Смыв дорожную пыль, мы перецеловались европейским двукратным поцелуем воздуха, и Женевьев пригласила к столу. Большой стол был покрыт оранжевой скатертью, в овальном блюде отливало красным золотом пюре из тыквы, в сотейнике лежал загорелый кролик, охотничий трофей Марселя, а между грубыми фаянсовыми тарелками брошены были ноготки, горькие цветы осени. На покрытой салфеткой хлебнице лежали тонкие пресные лепешки, которые в железной печурке пекла Женевьев, никогда не покупавшая хлеба. Вино к ужину принес из своих сокровенных запасов Жан-Пьер, ее бывший муж, большой знаток и ценитель вин. Он разлил вино в разномастные бокалы, негритянка Эйлин осторожно разломила лепешку – ногти у нее были невиданной длины, завивающиеся в спираль и сверкающие багровым лаком – и раздала гостям. Марсель поднял руки и сказал:

– Как хорошо!

Женевьев, раскладывая оранжевую еду на тарелки, улыбалась своей буддийской улыбкой, обращенной скорее внутрь, чем наружу. Никакого французского застольного щебетания не происходило, все говорили тихо, как будто боясь потревожить тайную торжественность минуты.

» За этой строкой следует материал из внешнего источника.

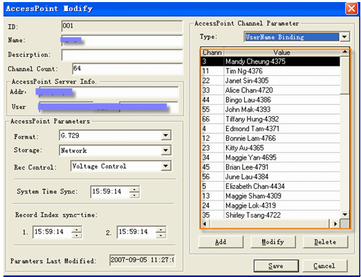 在渣打銀行錄音系統(tǒng)中,這個(gè)角色是用于綁定錄音物理端口(可以理解為某一個(gè)分機(jī))的,使這個(gè)端口的錄音資料易于辨別,如果沒有這種綁定,錄音資料里將只是顯示這個(gè)第幾號(hào)AP(AccessPoint)以及第幾號(hào)物理端口的錄音。此種綁定關(guān)系是通過錄音管理員程序建立、修改、刪除,動(dòng)態(tài)地應(yīng)用到整個(gè)系統(tǒng)中,如下圖所示:

Вторая жена Жан-Пьера, Мари, вышла и через минуту принесла из внутренних комнат ребенка, о котором я еще ничего не знала. Он был сонный, жмурился от света и отворачивал маленькое личико. Ему было годика три. Ручки и ножки его висели, как у тряпичной куклы. Мари поднесла к его рту бутылочку с соской. Взять в руки он ее не мог, но сосал – медленно и неохотно.

Девочка Иветт подошла к матери и тихонько о чем-то попросила. Мать кивнула и передала ребенка ей на руки. Она его взяла, как берут священный сосуд...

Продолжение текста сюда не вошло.